GENEVA (Reuters) - Tens of thousands of people are dying of hunger in the area of west Africa where Boko Haram militants are active, the U.N. humanitarian coordinator for the region, told a news conference on Friday.
About 65,000 people are in a “catastrophe” or “phase 5” situation, according to a food security assessment by the IPC, the recognized classification system on declaring famines.
Phase 5 applies when, even with humanitarian assistance, “starvation, death and destitution” are evident.
“The tragedy of using the F word is that when you apply it it’s too late,” said Toby Lanzer, who has also worked in South Sudan, Darfur and Chechnya.
Boko Haram militants have killed about 15,000 people and displaced more than 2 million in a seven-year insurgency and they still launch deadly attacks despite having been pushed out of the vast swathes of territory they controlled in 2014.
“This is the first time I’ve come across people talking about phase 5. The reason for that was simply a lack of access. We couldn’t get to places,” Lanzer said.
“Because of the insecurity sown almost exclusively by Boko Haram, people have missed three planting seasons.”
Asked if it was safe to assume that tens of thousands of people were dying, Lanzer said: ”It’s not what we’re assuming, it’s what the IPC states. And I back that number.

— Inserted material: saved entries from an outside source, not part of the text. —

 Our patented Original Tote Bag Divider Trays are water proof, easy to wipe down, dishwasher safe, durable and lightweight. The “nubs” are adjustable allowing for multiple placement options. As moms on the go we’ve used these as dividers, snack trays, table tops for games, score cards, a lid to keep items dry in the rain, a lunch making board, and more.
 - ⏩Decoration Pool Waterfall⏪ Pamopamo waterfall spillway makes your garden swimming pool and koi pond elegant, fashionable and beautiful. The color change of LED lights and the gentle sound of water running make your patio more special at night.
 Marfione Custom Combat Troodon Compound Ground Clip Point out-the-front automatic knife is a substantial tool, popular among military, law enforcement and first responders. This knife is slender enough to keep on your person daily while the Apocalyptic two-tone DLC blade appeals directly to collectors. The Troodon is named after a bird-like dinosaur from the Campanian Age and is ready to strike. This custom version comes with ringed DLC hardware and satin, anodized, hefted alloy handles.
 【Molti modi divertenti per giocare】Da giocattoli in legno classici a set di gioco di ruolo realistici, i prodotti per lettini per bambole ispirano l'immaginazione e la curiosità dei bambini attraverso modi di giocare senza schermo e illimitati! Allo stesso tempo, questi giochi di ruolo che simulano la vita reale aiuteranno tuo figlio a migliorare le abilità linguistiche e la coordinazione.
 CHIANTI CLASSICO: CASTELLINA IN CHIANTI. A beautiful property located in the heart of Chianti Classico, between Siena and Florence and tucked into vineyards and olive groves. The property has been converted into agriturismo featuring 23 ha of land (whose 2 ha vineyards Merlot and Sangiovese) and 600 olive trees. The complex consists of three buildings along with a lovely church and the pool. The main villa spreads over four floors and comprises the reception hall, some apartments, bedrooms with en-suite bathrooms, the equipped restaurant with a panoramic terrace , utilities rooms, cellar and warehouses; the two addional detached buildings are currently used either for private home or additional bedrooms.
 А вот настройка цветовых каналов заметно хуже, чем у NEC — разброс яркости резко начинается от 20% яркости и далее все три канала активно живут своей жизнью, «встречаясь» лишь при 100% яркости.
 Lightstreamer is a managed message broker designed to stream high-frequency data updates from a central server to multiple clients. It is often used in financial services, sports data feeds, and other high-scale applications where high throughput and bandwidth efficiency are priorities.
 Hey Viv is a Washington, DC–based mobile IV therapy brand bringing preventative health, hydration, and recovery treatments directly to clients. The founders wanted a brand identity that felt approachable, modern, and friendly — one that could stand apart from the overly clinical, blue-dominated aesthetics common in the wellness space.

“I can tell you from my first trip outside (the regional capital) Maiduguri, I had never gone to places that had adults who were so depleted of energy that they could barely walk.”
One aid agency reported back from the Nigerian town of Bama that its staff had counted the graves of about 430 children who had died of hunger in the past few weeks, Lanzer said.
With millions more short of food in northern Nigerian and regions of the adjoining countries, the situation could get much worse, and could turn into the “biggest crisis facing any of us anywhere”, he said.
“We’re now talking about 568,000 across the Lake Chad basin who are severely malnourished, 400,000 of them are in the northeast of Nigeria. We know that over the next 12 months, 75,000, maybe as many as 80,000, children will die in the northeast of Nigeria, unless we can reach them with specialized therapeutic food,” Lanzer said.
Across the Lake Chad region, more than 6 million people are described as “severely food insecure”, including 4.5 million in Nigeria, he said.